I and others have argued that it's critical to open source's future that licenses like the Affero GPL close the "ASP loophole" by requiring companies like Google to contribute back derivative works of open-source software that they distribute as a service, rather than as packaged software. Now Gordon Haff is suggesting that requiring Web 2.0 to Contribute 1.0 may cause more problems than it solves, and he could well be right.
The problem has nothing to do with whether Web 2.0 vendors like Google are required to contribute back. The problem is all the so-called Web 2.0 users:
Distribution in the GPLv2 and GPLv3 licenses draws (mostly) a hard-edged line. If you're an enterprise using software internally, anything goes. If you're using GPL code in software you're selling to the public--whether downloaded, on a CD, or in embedded firmware--you must make the relevant sources available. However, as more and more companies of every stripe make parts of their computing infrastructure available to their customers--think online banking, for example--where does it end? The boundaries become very fuzzy--which would inject lots of uncertainty into just about any use of open source in an enterprise environment.

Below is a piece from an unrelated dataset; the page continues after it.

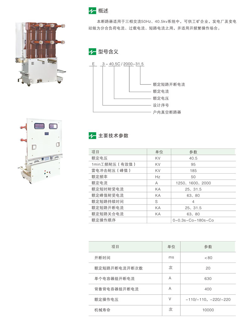 E3-40.52000-31.5型户内高压真空断路器

This is a very, very good point. I'm not sure how to answer it.
On the one hand, open-source vendors might cheer as this should lead to more potential customers buying their way out of open-source licensing terms so as to skirt the need to contribute back. This would apply not only to the Googles of the world, but also the Citigroups that have adopted open source en masse.
It's an open question, however, whether this would result in more open-source adoption or less. Yes, these companies currently buy a lot of proprietary software and so they might simply treat open source as the new proprietary software and buy from vendors able to dual-license them out of uncertainty, but I'm not convinced this would actually happen.
Why? Because open source has become the new innovation platform for enterprises, and most want to experiment before they purchase, if they purchase at all. Closing off open source might well have a dampening influence on adoption, and that is something none of us wants, or should want.
Gordon has a point. Perhaps with the difficulty of directly monetizing pure open-source software will lead us into novel licensing/business models that will prove far more profitable than the traditional software licensing model ever did. Think Google. Think Salesforce.
But perhaps stop thinking about AGPL? I'm torn. What do you think?